Secondary outcome measures
Brief Symptom Inventory (BSI) (73, 74): The BSI is a 53-item self-report scale that measures psychopathological and psychological symptoms present at the time of assessment. It uses a 5-point Likert scale to rate each item, and the scores cover nine dimensions: somatization, obsession-compulsion, interpersonal sensitivity, depression, anxiety, hostility, phobic anxiety, paranoid ideation, and psychoticism. These nine dimensions can be summed to yield three global indices (73). These synthetic indices are the general severity index (GSI), the positive symptom distress index, and the positive symptom total. Specifically, the BSI uses a 5-point Likert scale ranging from 0 (―not at all to 4 (―extremely). The Cronbach ‘s α for the instrument in total is.96 and ranges between.71 and.87 for its subscales (75).
The World Health Organization Quality of Life (BREF) (76, 77): The WHOQOL-BREF is a self-report questionnaire that is short and easy to administer and assesses 4 domains of quality of life (QOL): physical health, psychological health, social relationships, and the environment. In addition, there are 2 items that measure overall QOL and general health. The WHOQOL (Bref) is grouped into 4 domains of QOL and 2 items that measure overall QOL and general health: 1. Physical health, 2. Psychological health, 3. Social relationships 4. Environment. Cronbach’s alpha values for each of the four domain scores ranged from.66 (for domain 3) to.84 (for domain 1), demonstrating good internal consistency (76).
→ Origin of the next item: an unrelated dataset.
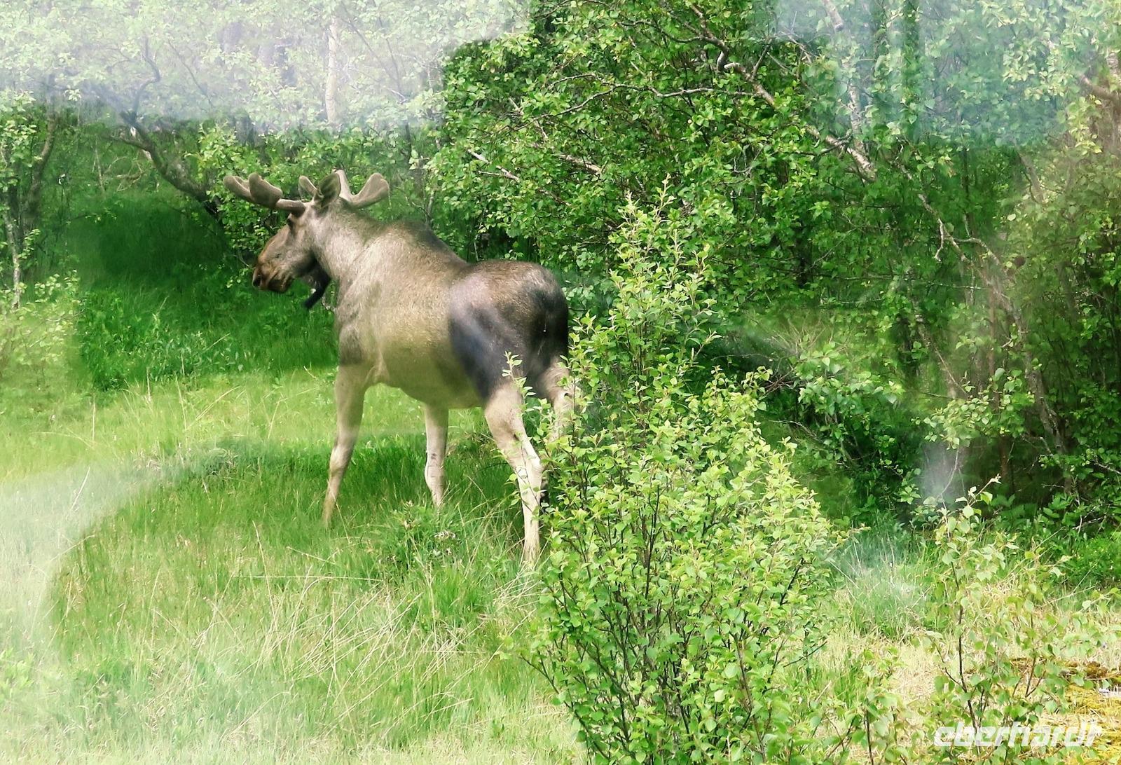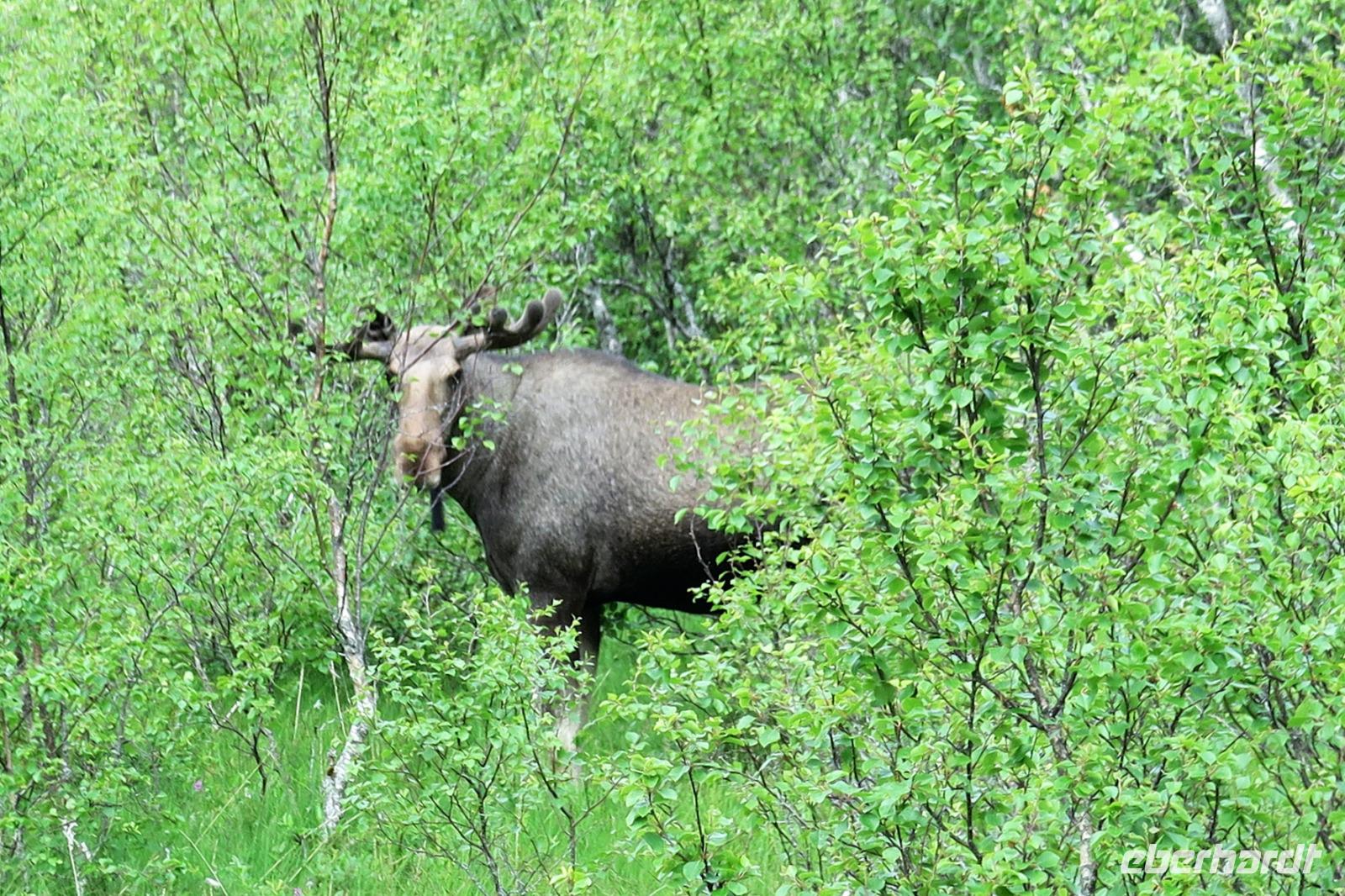 Oh Schreck wie aus dem Nichts stand plötzlich ein Elch an der Strasse vielleicht 10 m entfernt. Einige Gäste hatten das Glück ihn auch zu sehen.

Inventory of Interpersonal Problems (IIP–64) (78). The IIP-64 refers to the interpersonal circumplex model (79–81), which has two separate dimensions that describe the quality and intensity of behavior between people. The IIP-64 names its scales domineering, vindictive, cold, socially avoidant, submissive, exploitable, overly nurturing, and intrusive. Researchers have demonstrated that the psychometric properties of the IIP-64 range from acceptable to good. A study by Vittengl, Clark, and Jarrett (82) on the English version revealed that the subscales were reliable (Cronbach’s alpha) between.72 and.88 and that they were reliable again after 20 sessions of cognitive therapy for depression, with scores of 0.79 for the DOM and 0.84 for the AFF. In our sector’s validation procedure of the IIP-64 (83), the statistical analyses revealed a valid and reliable tool (Cronbach’s α = .932).
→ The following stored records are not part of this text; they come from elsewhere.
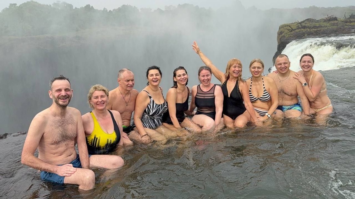 Если вы боитесь высоты, то вам, конечно, не сюда. Экскурсия к "адскому бассейну" в Замбию - это способ немного пощекотать себе нервы и... ноги. Итак, вас ждёт аттракцион по прохождению границы, катание на лодке, купание в реке Замбези и бонусом - пилинг! Последнее многим мешает сделать хороший снимок даже больше, чем страх высоты. Когда тебя в прямом смысле покусывают за ногу или попу - сосредоточиться на красивом лице сложновато. Но возможность заглянуть за свал водопада - это фишка. И вполне себе безопасно. А ещё - очень вкусный завтрак с красивыми тарелками, хорошим кофе и сервисом. В общем, интересное развлечение. Многим понравилось даже больше, чем полёт над водопадом на вертолете. Об этом опыте может быть Кира напишет... Она летала. Наш тур Замбия -Зимбабве-Ботсвана-ЮАР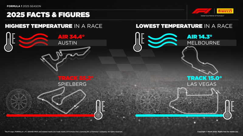 The number of tyre sets supplied by Pirelli over the course of the season highlights the logistical complexity of motorsport’s pinnacle. In 2025, teams had access to 6,120 sets of slicks in total, comprising 1,800 sets of C5, 1,580 sets of C4, 1,400 sets of C3 and around 1,900 wet weather tyres. The number of tyres allocated to each car, which varies depending on the weekend format, is clearly defined by the technical regulations. As always, temperatures also influenced tyre behaviour. The highest track temperature recorded during a session was 58.2 degrees centigrade at Jeddah during FP2, while the highest air temperature was 39.1 degrees centigrade in Bahrain during FP1.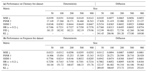 This ablation experiment evaluates three distinct neural network architectures across varying training dataset sizes {50, 100, 200, 500, and 900 samples}, comparing stochastic diffusion models against deterministic supervised learning approaches. The architectures examined include: (1) UNet Architecture used in this study (unet_atten), which incorporates attention mechanisms for enhanced feature representation; (2) UNet Basic Architecture (unet_basic), which represents a simplified variant without attention blocks; and (3) Residual AutoEncoder Architecture (rescae), which maintains a similar network structure to the UNet but removes skip connections. All models were trained using identical hyperparameter configurations, including a learning rate of 1×10-5 (selected from candidates 1×10-3,1×10-4,1×10-5 as the optimal choice), 200 training epochs, and the AdamW optimiser with weight decay of 1×-4. All models are evaluated on the ensemble test dataset of the Chimney fire event.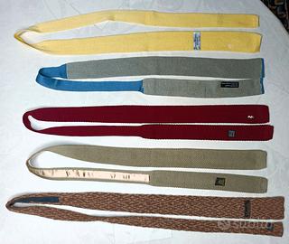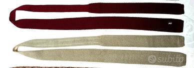 5 Cravatte vintage in tessuto a maglia: puro cotone Louis Feraud; alpaca 100% Metelli; 100% lana, 100% cotone, tutte made in Italy. Pulite e perfette. Leggerissima ombra su cravatta gialla, quasi impercettibile. Euro 12 l'una, in blocco 50 euro + spedizione.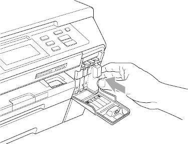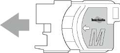 Разблокируйте того цвета, который указан на ЖК-дисплее, нажав на фиксатор как показано на рисунке. Выньте этот его из устройства.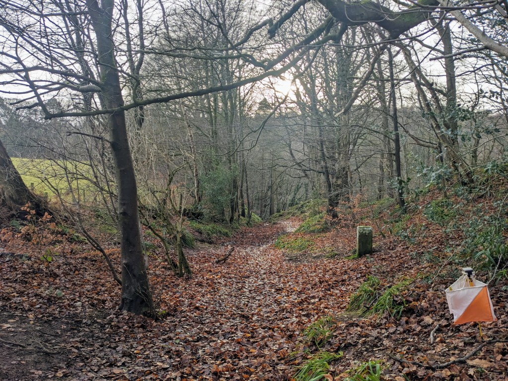 The Gelt Woods event, postponed from last month by Storm Darragh, took place on Saturday 4th January in calm but cold weather. The officials at any event deserve appreciation, but even more so here where a lot of the work had to be done twice. For instance all the controls had already been put out and checked by the time the first attempt was cancelled. So many thank you to Stella (organiser), Andy (controller), Charles (planner) and Paul (assistant controller and control hanger)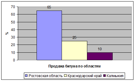 Рисунок 2 – Продажа битума по областям Конкурентами по продаже битума являются: ЗАО «Дорстройматериалы», Севкавспецснаб, ЗАО «Нефрес» (Москва), ООО «Терра-1».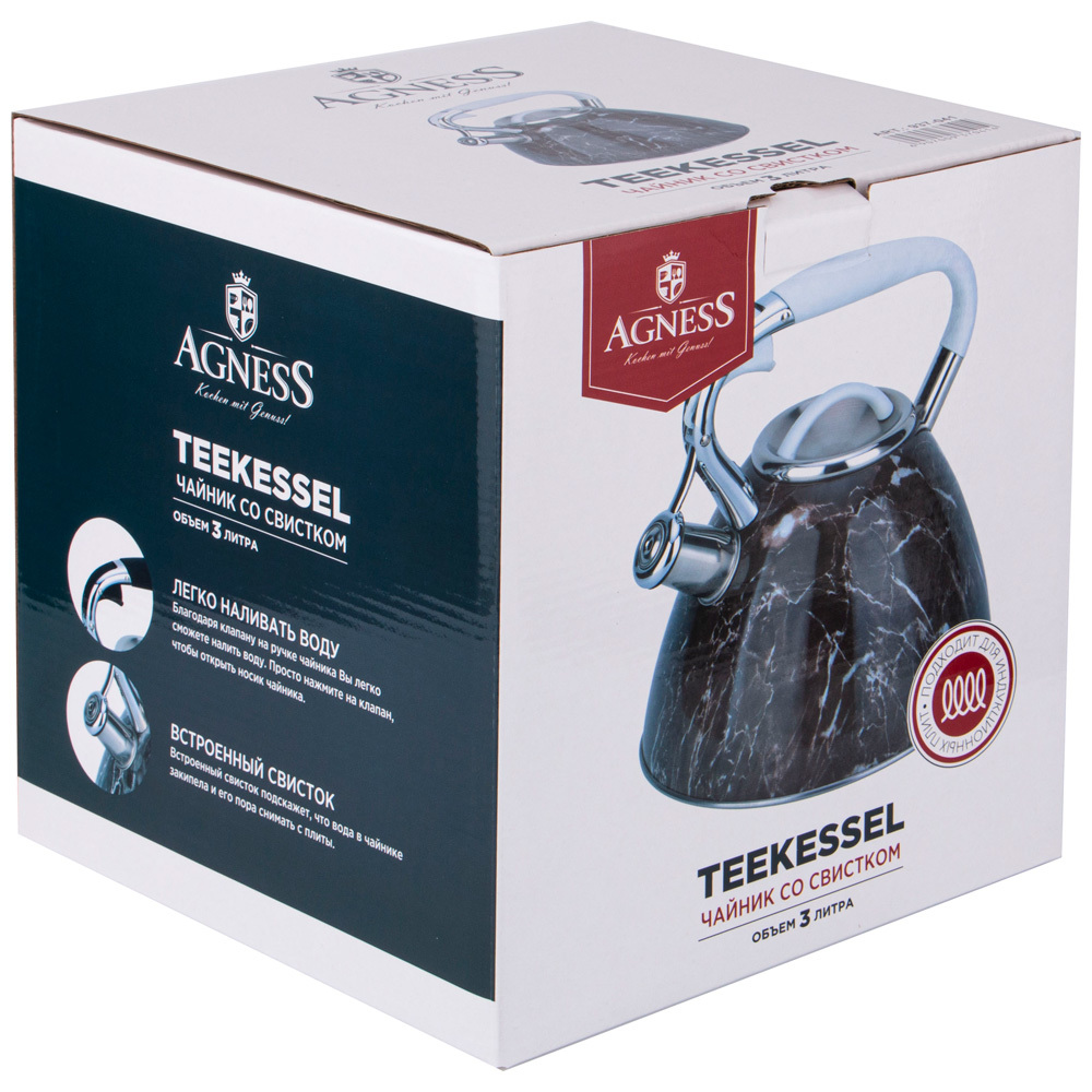 • Благодаря внешнее жаропрочному покрытию и стильному дизайну чайник AGNESS украсит любую кухню
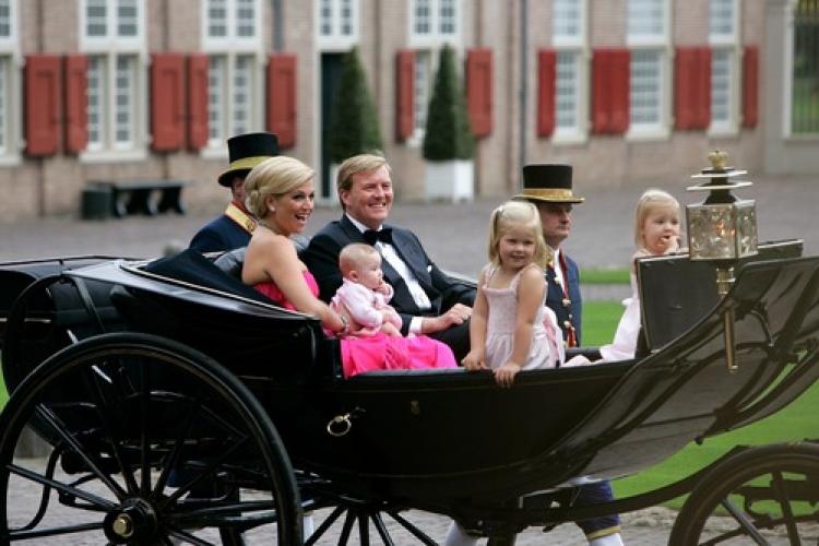 ZATERDAG - Prins Willem‑Alexander vierde zaterdagavond op Paleis Het Loo zijn veertigste verjaardag met tal van buitenlandse gasten. De prins arriveerde met zijn gezin in een blauwe calèche bij het paleis.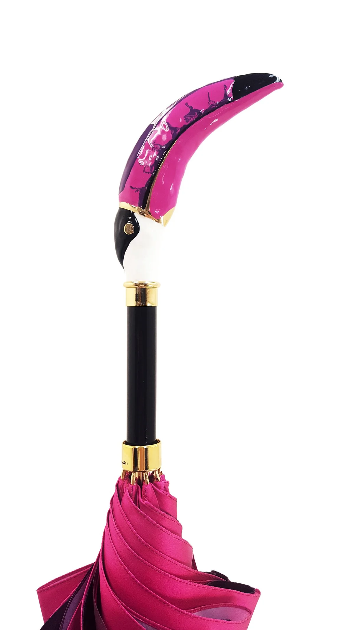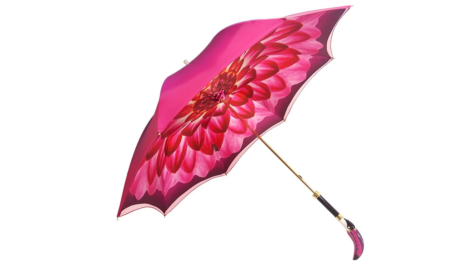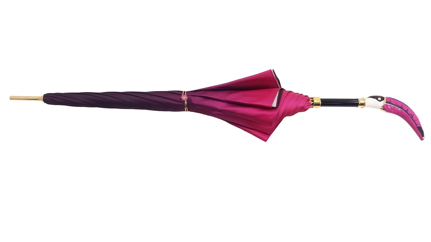 Çadër e mrekullueshme për gra, punuar me dorë, e përfunduar me një pëlhurë të hollë saten poliester me gradient fuchsia, me një dizajn FANTASTIK LULESH të printuar nga brenda.

The Work and Social Adjustment Scale (WSAS) (84). It is a self-report instrument that consists of 5 items that are scored on a scale ranging from 0 to 8. We assessed functional impairment in the domains of work, household, social leisure, private leisure, and family and relationships at the time of assessment. The reliability, validity and sensitivity to change of the WSAS have been firmly established in samples of patients with different clinical disorders (85, 86).
The World Health Organization Disability Assessment Schedule (WHODAS 2.0) (12, 87) is a standardized assessment tool developed by the World Health Organization that assesses disability-related health conditions in the past 30 days. The measure assesses disability across six domains: cognition, mobility, self-care, getting along with others, life activities, and participation. A profile of functioning is derived across the six domains, as is a general disability score. The WHODAS 2.0 has demonstrated excellent reliability and validity (12). Across the study samples, Cronbach’s α for the overall score of global functional disability was.97, with the domain scale scores ranging from.83 (self-care) to.94 (life activities).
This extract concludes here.